Certains signes de ce phénomène commencent à apparaître aux États-Unis et dans l'UE, où les perspectives de consommation s'effondrent, entraînant une diminution des achats de biens discrétionnaires et une réduction de la demande d'achats facilement reportables tels que l'habillement, l'ameublement, les tapis, certains services d'entretien, les nouvelles constructions et les repas au restaurant. Les consommateurs, tant aux États-Unis que dans l'Union européenne, commencent à se tourner vers des marques moins chères ou des marques de distributeur pour des produits tels que l'alimentation, l'alcool, le tabac et d'autres articles ménagers, ainsi qu'à réduire leur épargne et à augmenter les achats à crédit pour les articles jetables.
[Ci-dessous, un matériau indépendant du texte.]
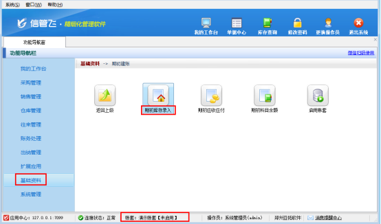期初數(shù)據(jù)的所謂期初是指計劃使用軟件日期(即賬套啟用日期)前的業(yè)務(wù)數(shù)據(jù),在正式使用軟件之前,可以先錄入好期初數(shù)據(jù),期初數(shù)據(jù)包括期初商品庫存、期初應(yīng)收應(yīng)付款、期初科目余額等。本篇文章我們以“信管飛RMS軟件”為例來介紹一下如何錄入期初商品庫存?

La grande crainte est que les gouvernements aillent trop loin dans le ralentissement des achats. Lorsque cela se produit, les stocks commencent à s'accumuler, les bénéfices des entreprises diminuent, ce qui entraîne des licenciements, puis la fermeture définitive de certains sites de production. Cette fois, la croissance des stocks s'accélère déjà parce que de nombreuses entreprises ont prédit des pénuries d'approvisionnement en raison de nouvelles défaillances de la chaîne d'approvisionnement et ont commencé, il y a 6 à 12 mois, à stocker des marchandises pour les vendre dans la période actuelle (tout comme les gens l'ont fait au début de la pandémie avec du papier toilette ou des masques de protection lorsque les rayons des magasins ont commencé à se vider). Ils se préparent maintenant à se débarrasser de ces stocks, tout en licenciant des personnes.
Enfin, et nous y reviendrons plus en détail dans le prochain volet, la Chine semble se rapprocher de plus en plus de la fin de ses taux de croissance. Son marché immobilier est en crise et ses méthodes pour contenir la pandémie réduisent fortement l'activité économique, qui se propage ensuite dans le monde entier. Si la Chine tombe dans une récession profonde et durable, elle entraînera le reste du monde dans sa chute et rendra les politiques monétaires des États-Unis et de l'Union européenne (telles que la hausse ou la baisse des taux d'intérêt) beaucoup moins efficaces. Les producteurs de porcs des pays développés se sont habitués à une augmentation progressive de la demande mondiale, mais cette situation pourrait facilement changer sur une période prolongée, déclenchant une concurrence brutale entre les producteurs dans la poursuite d'une demande mondiale en baisse, qui résistera fortement à une reprise de la croissance.